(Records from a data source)
———

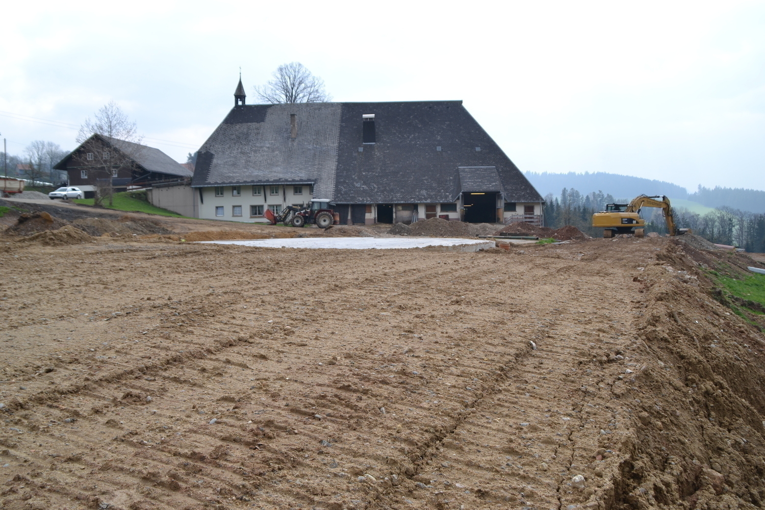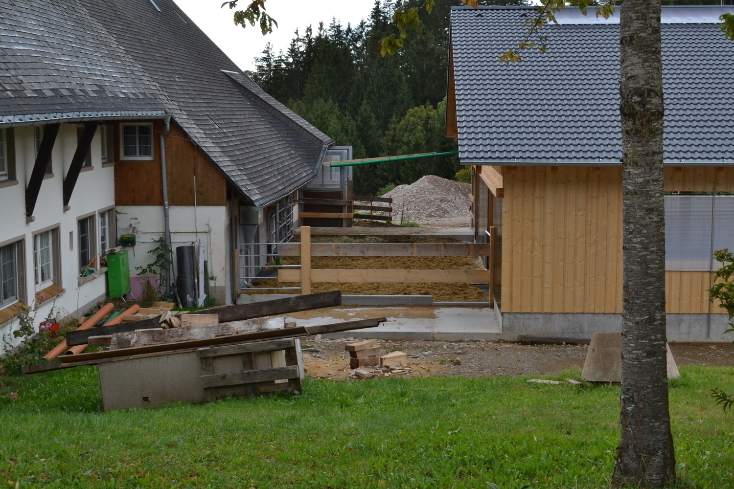 Hackschnitzellaufhof zwischen Alt- und Neugebäude
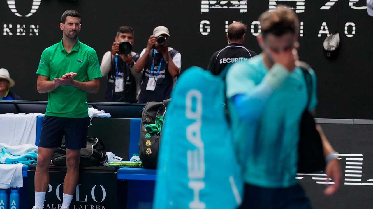 Melbourne.- Novak Djokovic avanzó el miércoles a las semifinales del Abierto de Australia después de que Lorenzo Musetti se retirara en el tercer set por una lesión tras haber ganado los dos primeros sets.
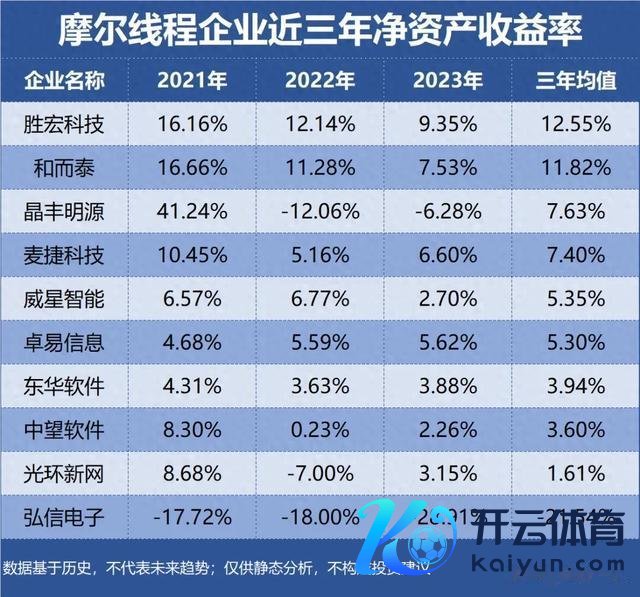摩尔线程盈利智商前十企业,近三年净金钱收益率、毛利率、净利率:
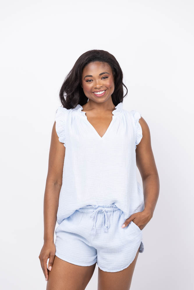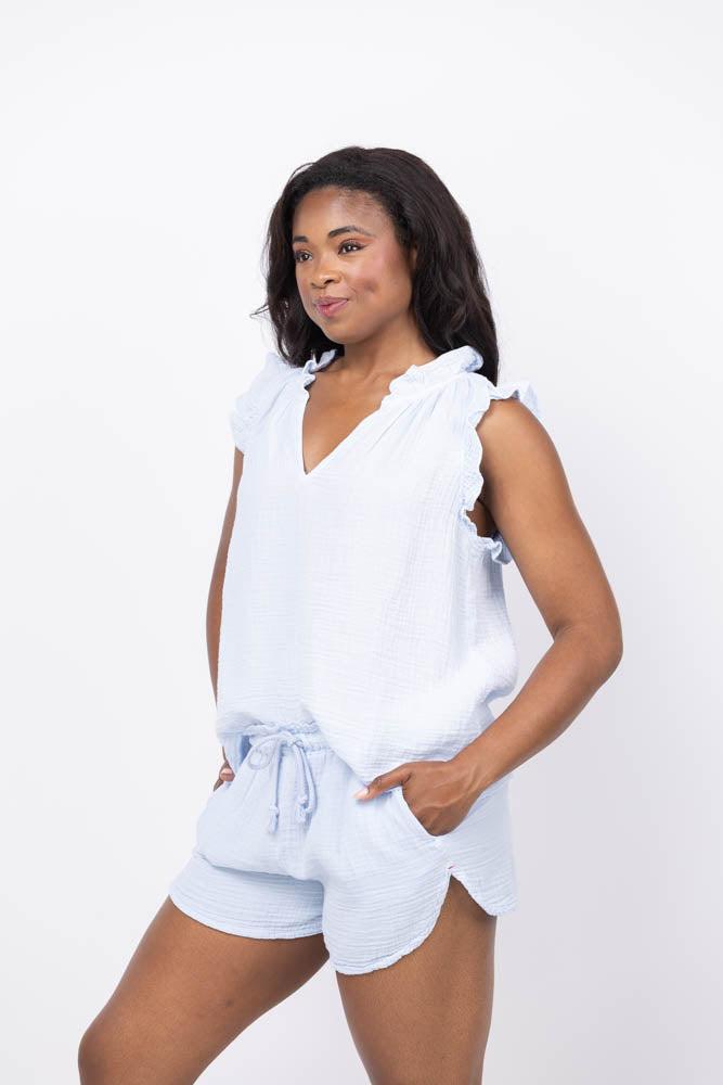 The XiRENA Bex Top in Blue Mist is crafted from washed double-faced cotton gauze, delivering a soft texture with a gently crinkled finish for added character. This bestselling popover features a deep V-neck, delicate ruffle accents, and shirring throughout, creating a flattering and comfortable fit. Perfect for elevating your casual wardrobe, this top blends timeless style with effortless comfort.
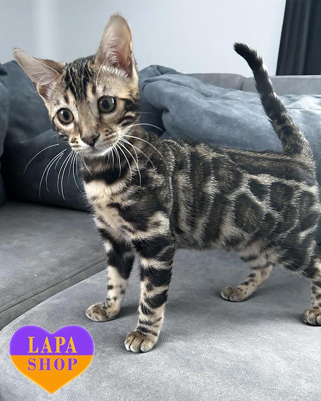 Has bought the Bengal kitten The main reason we chose Lapa.shop was to find and buy a healthy, purebred kitten from a reputable breeder. There are many ads on the internet, and it takes a lot of time to check each seller. The purchase process was very convenient: payment is made on the website, but the money does not go directly to the breeder. Instead, it remains temporarily with Lapa.shop until you actually receive your pet (this guarantees that the breeder will not disappear). We really liked the breeder, Elena. We had to wait a month to receive the kitten, but my wife and I really wanted to see how he was growing, how he was playing, and we generally started to miss him in advance. Elena periodically sent us videos of him, which we eagerly awaited and watched several times. We also wanted to talk to her and get advice on kitten adaptation, upbringing, feeding, and so on. We received Leon vaccinated and fully ready for the trip, with all the documents. The kitten quickly adapted to his new home. He went to the litter box for the first time the same day, and in a couple of days, he went to the big litter box. We are now the happy owners of a magnificent Bengal boy.
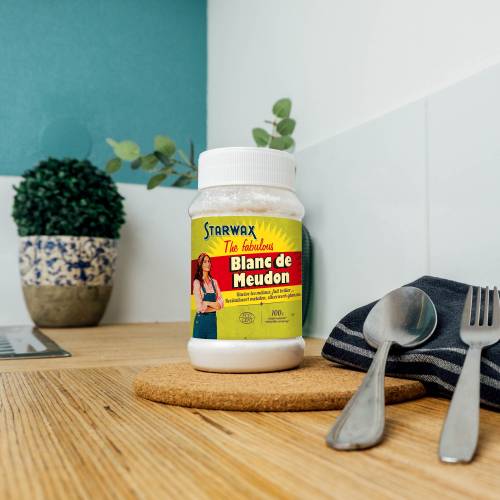 Le blanc de Meudon est un produit naturel issu de l'extrait du sel gemme depuis le Xe siècle. Idéal pour nettoyer et faire briller les métaux, y compris l'argent, sans les rayer. Entretenir le marbre. Dégraisser sans rayer. Polir. Fabriquer une crème à récurer. Faire briller les vitres et miroirs. Ce produit est également utilisé pour décorer les vitres, notamment à l'approche de Noël. Il permet de réaliser des économies et de réduire l'impact environnemental grâce à un dosage correct.
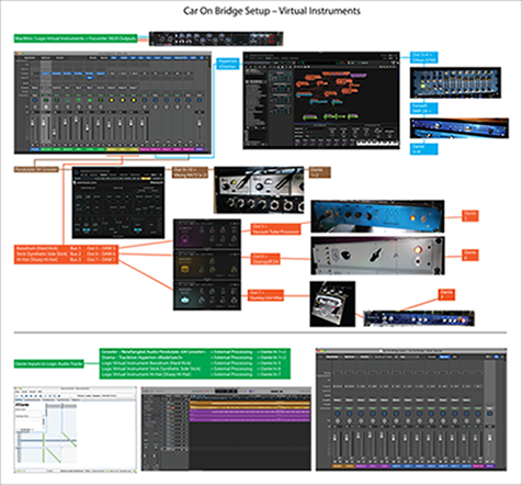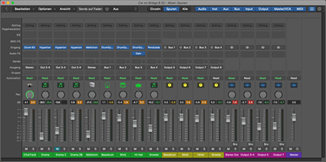 Aus den Schichten eines Soundtracks – Eine Art von Teilchenphysik Da kommt das Blank Slate zu Einsatz. Zunächst ist gar nichts da, und ich denke mir, diesmal fange ich nicht einfach irgendwo im Weltall an und baue mir so etwas wie einen Clicktrack. Und greife zum Drumkit Designer im Logic. Schon deshalb, weil der Klopfgeist (das Logic Metronom) auf Biegen und Brechen nicht zum Dante raus will. Also ertrommle ich mir im Virtual Instrument eine kurze Drum Squence und loope diese MIDI-Spur – was ich alle Schaltjahre einmal mache, ich bin gar kein Freund von Loops. Auf diese Sequenz baut der Soundtrack für das Car On Bridge auf, die synthetischen Teile und auch die ganze Perkussion. Interessanterweise lassen sich hier die «Naturinstrumente» praktisch nicht ein auf ein Zusammenfügen mit den Synthesizern. Einzig und allein der Elektrobaß ließ sich in den «Taiko»-Track integrieren. Es ergaben sich also diverse Spuren, die in sich wieder nur bestimmte andere Teile klanglich zuließen. Sogar der »Klicktrack» bekam seine eigene Nachbearbeitung als eigenständige Spur. Dazu diente das Plugin «MUnision» der Firma Melda Productions. |
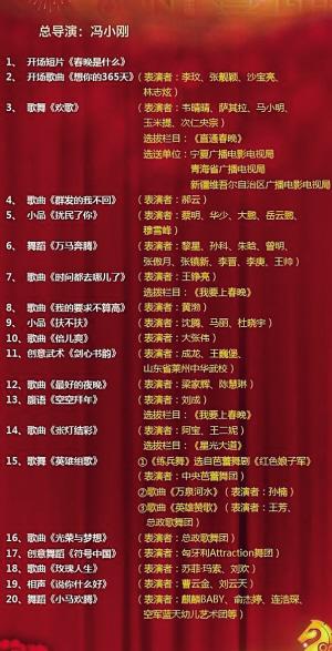 昨天晚些时候,春晚节目单尘埃落定并正式公布,颠覆性的以《春晚是什么》开场,始终如一的《难忘今宵》收尾。刘欢+苏菲·玛索的《玫瑰人生》;李敏镐+庾澄庆《情非得已》;华晨宇等4位新生代歌手春晚首秀。其中语言类节目仅有5个。李玟、张靓颖、沙宝亮、林志炫献唱开场歌曲《想你的365天》,成龙表演创意武术,姚贝娜将在零点跨年演唱。
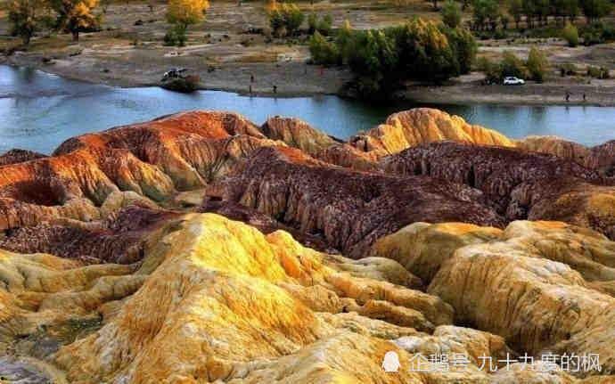 新疆五彩滩,位于新疆布尔津县境内,与哈萨克斯坦隔河相望。这里的地貌奇特,色彩斑斓,被誉为“地球上的调色板”。五彩滩的奇特之处在于,它的岩石在阳光的照射下,会呈现出红、黄、绿、蓝、紫等多种颜色,美得让人惊叹。
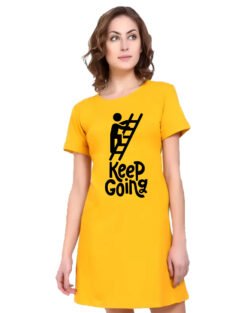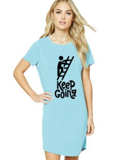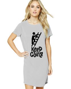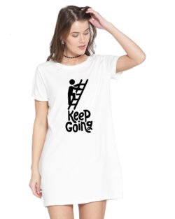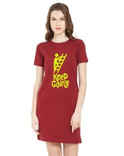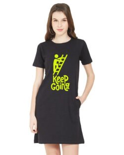 Caseria Women’s Cotton Biowash Graphic Printed T-Shirt Dress with side pockets – Keep Going

———

Reproduce all entries exactly. Pictures do not belong in the copy.

▸ **Problem solution**
 Hackschnitzellaufhof zwischen Alt- und Neugebäude
 Melbourne.- Novak Djokovic avanzó el miércoles a las semifinales del Abierto de Australia después de que Lorenzo Musetti se retirara en el tercer set por una lesión tras haber ganado los dos primeros sets.
摩尔线程盈利智商前十企业,近三年净金钱收益率、毛利率、净利率:
 The XiRENA Bex Top in Blue Mist is crafted from washed double-faced cotton gauze, delivering a soft texture with a gently crinkled finish for added character. This bestselling popover features a deep V-neck, delicate ruffle accents, and shirring throughout, creating a flattering and comfortable fit. Perfect for elevating your casual wardrobe, this top blends timeless style with effortless comfort.
 Has bought the Bengal kitten The main reason we chose Lapa.shop was to find and buy a healthy, purebred kitten from a reputable breeder. There are many ads on the internet, and it takes a lot of time to check each seller. The purchase process was very convenient: payment is made on the website, but the money does not go directly to the breeder. Instead, it remains temporarily with Lapa.shop until you actually receive your pet (this guarantees that the breeder will not disappear). We really liked the breeder, Elena. We had to wait a month to receive the kitten, but my wife and I really wanted to see how he was growing, how he was playing, and we generally started to miss him in advance. Elena periodically sent us videos of him, which we eagerly awaited and watched several times. We also wanted to talk to her and get advice on kitten adaptation, upbringing, feeding, and so on. We received Leon vaccinated and fully ready for the trip, with all the documents. The kitten quickly adapted to his new home. He went to the litter box for the first time the same day, and in a couple of days, he went to the big litter box. We are now the happy owners of a magnificent Bengal boy.
 Le blanc de Meudon est un produit naturel issu de l'extrait du sel gemme depuis le Xe siècle. Idéal pour nettoyer et faire briller les métaux, y compris l'argent, sans les rayer. Entretenir le marbre. Dégraisser sans rayer. Polir. Fabriquer une crème à récurer. Faire briller les vitres et miroirs. Ce produit est également utilisé pour décorer les vitres, notamment à l'approche de Noël. Il permet de réaliser des économies et de réduire l'impact environnemental grâce à un dosage correct.
 Aus den Schichten eines Soundtracks – Eine Art von Teilchenphysik Da kommt das Blank Slate zu Einsatz. Zunächst ist gar nichts da, und ich denke mir, diesmal fange ich nicht einfach irgendwo im Weltall an und baue mir so etwas wie einen Clicktrack. Und greife zum Drumkit Designer im Logic. Schon deshalb, weil der Klopfgeist (das Logic Metronom) auf Biegen und Brechen nicht zum Dante raus will. Also ertrommle ich mir im Virtual Instrument eine kurze Drum Squence und loope diese MIDI-Spur – was ich alle Schaltjahre einmal mache, ich bin gar kein Freund von Loops. Auf diese Sequenz baut der Soundtrack für das Car On Bridge auf, die synthetischen Teile und auch die ganze Perkussion. Interessanterweise lassen sich hier die «Naturinstrumente» praktisch nicht ein auf ein Zusammenfügen mit den Synthesizern. Einzig und allein der Elektrobaß ließ sich in den «Taiko»-Track integrieren. Es ergaben sich also diverse Spuren, die in sich wieder nur bestimmte andere Teile klanglich zuließen. Sogar der »Klicktrack» bekam seine eigene Nachbearbeitung als eigenständige Spur. Dazu diente das Plugin «MUnision» der Firma Melda Productions. |
 昨天晚些时候,春晚节目单尘埃落定并正式公布,颠覆性的以《春晚是什么》开场,始终如一的《难忘今宵》收尾。刘欢+苏菲·玛索的《玫瑰人生》;李敏镐+庾澄庆《情非得已》;华晨宇等4位新生代歌手春晚首秀。其中语言类节目仅有5个。李玟、张靓颖、沙宝亮、林志炫献唱开场歌曲《想你的365天》,成龙表演创意武术,姚贝娜将在零点跨年演唱。
 新疆五彩滩,位于新疆布尔津县境内,与哈萨克斯坦隔河相望。这里的地貌奇特,色彩斑斓,被誉为“地球上的调色板”。五彩滩的奇特之处在于,它的岩石在阳光的照射下,会呈现出红、黄、绿、蓝、紫等多种颜色,美得让人惊叹。
 Caseria Women’s Cotton Biowash Graphic Printed T-Shirt Dress with side pockets – Keep Going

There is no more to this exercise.